Request an Annual Quote

Kaiser Permanente Taps BC Platforms to Analyze Biobank, Clinical Data


CHICAGO – As the largest private healthcare system in the US, one tightly integrated on both the insurance and care delivery sides, Kaiser Permanente has long been held up as a model for healthcare reform and outcomes improvement. Now, with the help of technology partners BC Platforms and Microsoft, Kaiser is looking to improve integration between genomics research and clinical care.

In May, Kaiser and BC Platforms won a Microsoft Health Innovation Award to integrate clinical and genomic data from multiple sites on the Microsoft Azure cloud platform to create a single "virtual biobank." The information will soon be accessible to researchers in all nine Kaiser Permanente regions nationwide, and eventually to people outside the organization.

The biobank, called the Kaiser Permanente Research Bank (KPRB), has 380,000 participants who have provided biological samples and completed surveys to help measure health risks.
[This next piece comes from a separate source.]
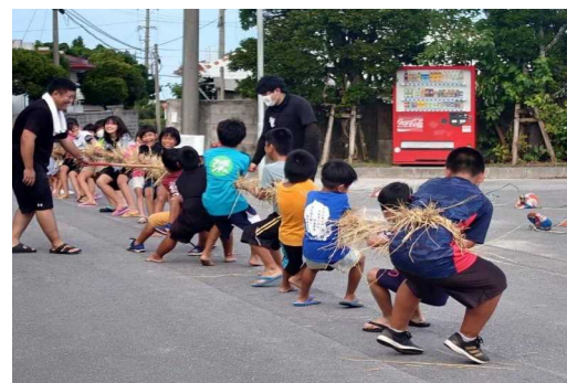
豊年祭綱引き体験
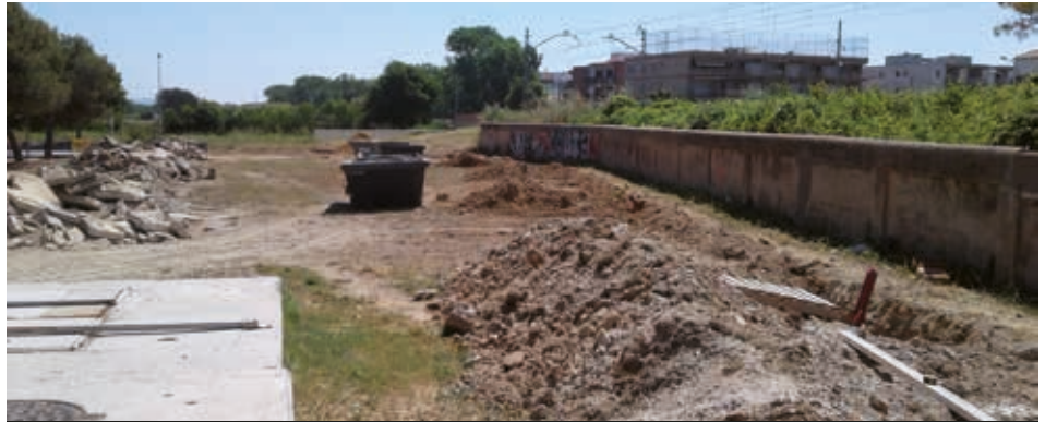
Les obres de la nova zona d'esbarjo per a gossos ja s'han iniciat.

La construcció de l'espai d'esbarjo per a gossos al carrer Millera, tocant al pont del carrer d'Arles de Tec, està en marxa. El Servei Municipal d'Obres (SMO) coordina les tasques de diverses empreses que han d'executar els moviments de terres i la construcció de voreres, mentre que el muntatge del tancat exterior, reparació del mur de separació amb les vies del ferrocarril i la construcció i muntatge dels elements d'esbarjo aniran a càrrec de personal propi.

Alan Bauck, director of the KPRB Data Coordinating Core, said that the collection includes genomic data from Kaiser patients available for researchers, such as genotyping array data as well as whole-exome and whole-genome sequencing data, with smaller panels being the most common type.

Elizabeth McGlynn, VP for Kaiser Permanente Research and interim executive director of the KPRB, said that Oakland, California-based Kaiser is in the process of genotyping all participants in the biobank through arrays and merging information from electronic health records and surveys into the BC Platforms environment, though the COVID-19 pandemic has put the brakes on that effort somewhat. There will be some imputation because the genomic datasets are large.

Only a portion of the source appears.